Guitarix does contain some tools related to converting circuit models that eventually become LV2 plugins: guitarix / Git / [b1c686] /trunk/tools
This goes waaaay beyond this 101
topic though.
Eh, worth asking. Since LiveSpice circuits can be wrapped in a VST plug-in, it didn’t seem like an unreasonable scenario to do the same with LV2.
If LiveSpice spits out source-code then you could write an LV2 wrapper?
Next time include such information in your question, because not all of us are aware of such tools and capabilities.
But you’re usually aware of so much more than the rest of us, and do so delight in letting us know it.
(I converted this to a new topic as it’s quite a side-track from the other one)
It seems LiveSpice is C# based. Kind of surprised you can write VST3 plugins using C#, but if you’d want the same then you’ll need something just like GitHub - mikeoliphant/AudioPlugSharp: Easily create VST (VST3) audio plugins in C# .NET except for LV2.
(this does not exist yet, so someone with extensive C# and LV2 knowledge would have to write it)
Well, I’m definitely not qualified to replicate Oliphant’s work for LV2, but I definitely am qualified to build a circuit in a GUI—as I imagine many other members of the forum are. Should someone do that bit of heavy lifting one day, I bet there are plenty of us who would circuit-map our favorite but never-before-digitized amps. Not saying it’s anyone’s responsibility in particular, but definitely a nice thing for a wishlist.
I think @brummer can chime in regarding this.
As @dreamer mentioned, Guitarix has something along these lines and I remember that Hermann pulled off many plugins with such an approach.
As others have pointed out, LiveSpice is written in C#, so an LV2 version is unlikely. It is is also very CPU intensive.
What you can do, is to use LiveSpice (or LTspice, for that matter) to create a circuit, and then use the VST to create a “capture” file suitable for training a neural model. See here, for example.
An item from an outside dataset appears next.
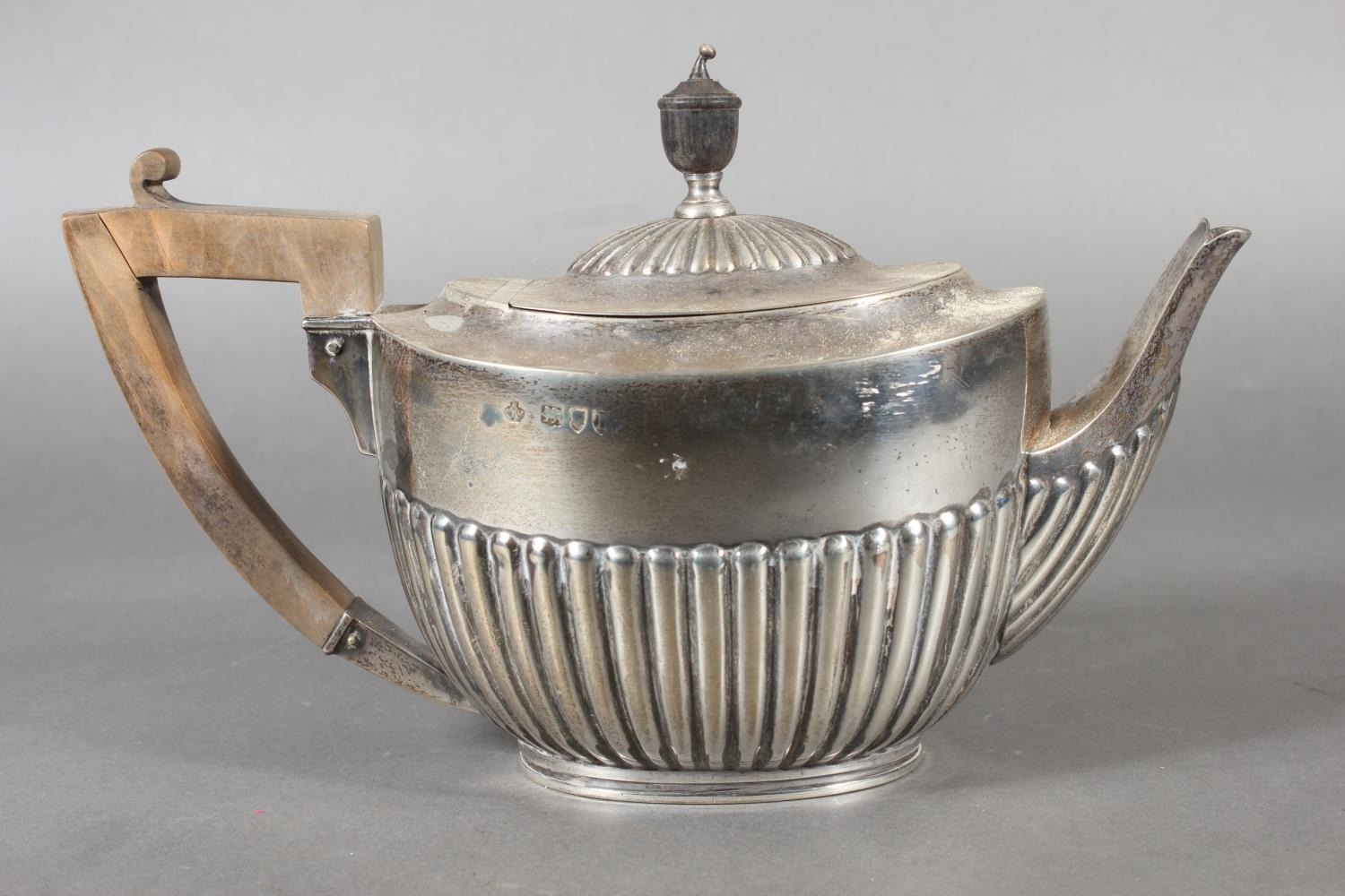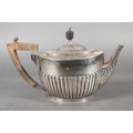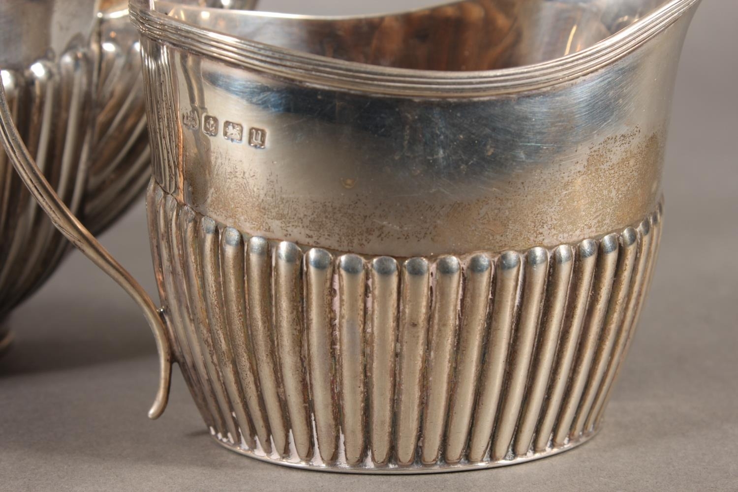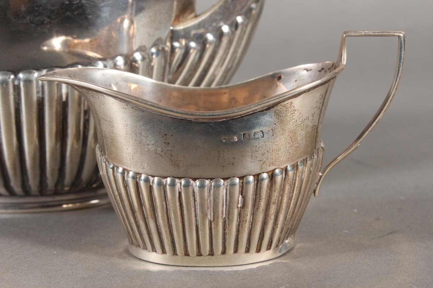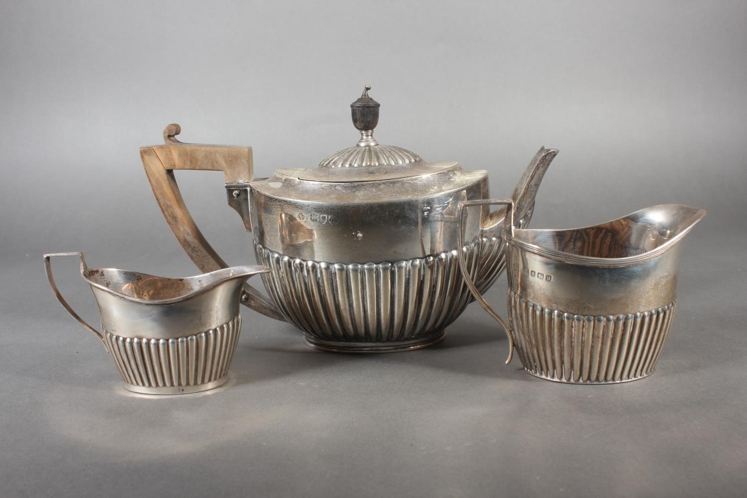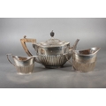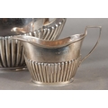 Harlequin three piece silver teaset of half gadrooned form, the teapot by William Hutton & Sons Ltd, London, 1894 and the sugar and cream, Birmingham, 668g gross.

That would certainly make sense—I use Hermann’s GxAlembic all the time and thought that maybe circuit-mapping other preamps might be a less-heavy way of replicating other preamps than using AIDA or NAM (disclaimer: I’ve yet to train a model) while still being able to adjust whatever potentiometer or switch appears in the schematic. But of course much of Hermann’s work existed before MOD and was ported over, not originally targeted to LV2.
Sorry for delay, I’m a bit busy with may day job right now. Yes, we’ve done something like that and I’ve published a overview to my workflow to use it here:
https://linuxmusicians.com/viewtopic.php?t=19586&hilit=dkbuilder
Just note that this is far from been perfect. But, it allows me to create a hole lot of plugs, many of them you’ll find in the MOD store.
Bloody day jobs eh!? lol x
there are many techniques indeed, some are cited as references, but require you to perform circuit analysis to some extent. The often cited reference is WDF, used in white box modeling, was known way long before ML based stuff arrived. I’ve also studied the tool used in Guitarix, which is simply great. Guitarix works with nodal analysis in a similar way as LiveSpice. But simply solving nodal equations as they are won’t make it run in RT, so you have to cut angles. Guitarix does this by introducing a technique where you will extract a table of points (a LUT) to be used in place of nonlinearities. LiveSpice is more advanced and simplifies the original equations with less CPU intensive math functions. Of course the more you know about the circuit and the more you are aware to where those approximations will be applied, the best sounding emulation you will obtain. Still, the problem of all those approaches is finding a proper way to measure how close you are to the original circuit, not necessarily using ears. And still, figure out how it will respond to real audio data. To me loss functions and Datasets used in ML techniques solved both issues. Also, ML scales from black box to white box modeling. If you are interested and you would like to collaborate just drop me a msg!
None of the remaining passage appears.